Your computer, pile of laundry, or sticky notes reminding you of all your unfinished tasks are all things you should keep out of the room you sleep in. And if that’s not possible, at least move it so you don’t see it, advises Dr. Brether who points out that “your sleeping area should be a place to calm down, not to remind you of everything you need to do”.

For more steps for comfortable sleep, he adds, “Take blackout curtains to block out the light or invest in a light-proof sleep mask. And consider turning the temperature down or up so that the sleeping area is between 15 and 20. degrees at night, “noting that lowering the ambient temperature aims to reduce it in the body, which occurs naturally during sleep.

Stop treating your brain like a computer

Before you go to bed, says Dr. Brether, you can’t expect your brain to shut down as instantly as computers when their lid is closed. Instead, you should plan for a transition period that allows your mind to calm down.

While admitting that this is sometimes not possible, he points out that sleep preparation should take place for a period of two hours before bed, working to relax the nervous system and notifying the body that you are preparing for rest by spending this time doing something pleasant and comfortable, like listening to a podcast, chatting on the couch with your partner, or watching TV.

The doctor offers his patients what he calls a list of options for the transition period before bed, including “take a luxurious bath, write in the personal note or even sit outside, if the weather permits, and gaze at the stars” , explaining that the goal is to find activities with “excitability”. Low “enjoy.

It’s about your favorite show

At a time when many doctors warn against using the phone or computer or watching TV before bed, the health specialist points out that the content you watch is what strikes Tom the most, and not the device. itself, pointing out what watching a thriller movie – or reading a novel like this – will make you stay a little longer. Instead, it recommends watching something relaxing, and it’s best to watch a show you’ve already seen.

If you can’t sleep … move

The author of the book explains that with advancing age, especially between the fifties, sixties and seventies, sleep becomes “more fragmented”, with the need to urinate frequently, or because he suffers from one pain or another. , but points out that older people need to get enough rest A recent study found that adults over the age of 50 who slept five hours or less each night had a higher risk of developing chronic disease than those who slept at least seven hours.

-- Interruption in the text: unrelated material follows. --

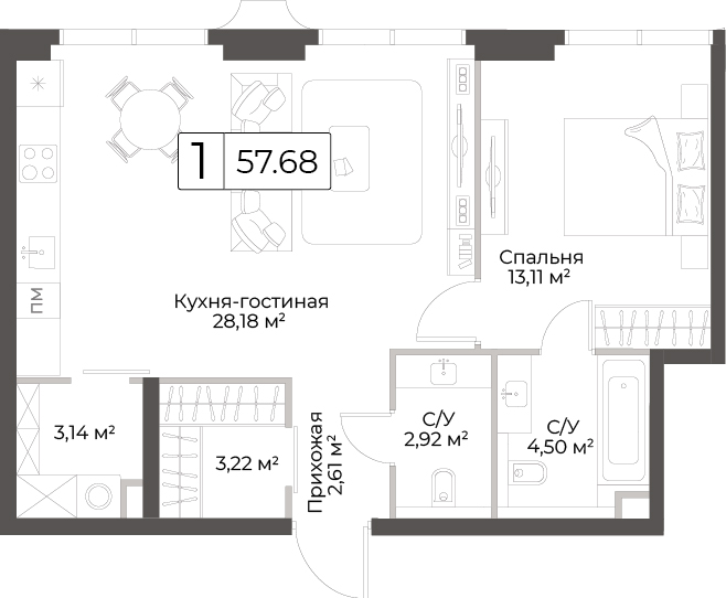 В продаже 1-комнатная квартира с отделкой на 39 этаже, Корпус 6.

In general, if you have a hard time falling asleep or staying asleep, you should get out of bed, says the psychologist, who recommends giving yourself about 20 minutes and heading to the sofa or living room to do a quiet act, such as knitting or meditating.

If you don’t want to move, or can’t, sitting in bed or changing sleeping positions can help too, by reading, listening to soothing music or playing a soothing podcast – an activity that calms you down, until you feel sleepy again.

Don’t press yourself

The psychology expert points out that after a night or even a few bad nights, this doesn’t mean your sleep will be ruined in the long run, pointing out that “the parents of the children can tell you that you can survive despite the bad nights of sleep.”

The speaker himself invites people who are unable to sleep continuously to consult specialists or clinicians for treatment, underlining that even in chronic cases, insomnia can be cured, thanks to drugs or by treating its root causes.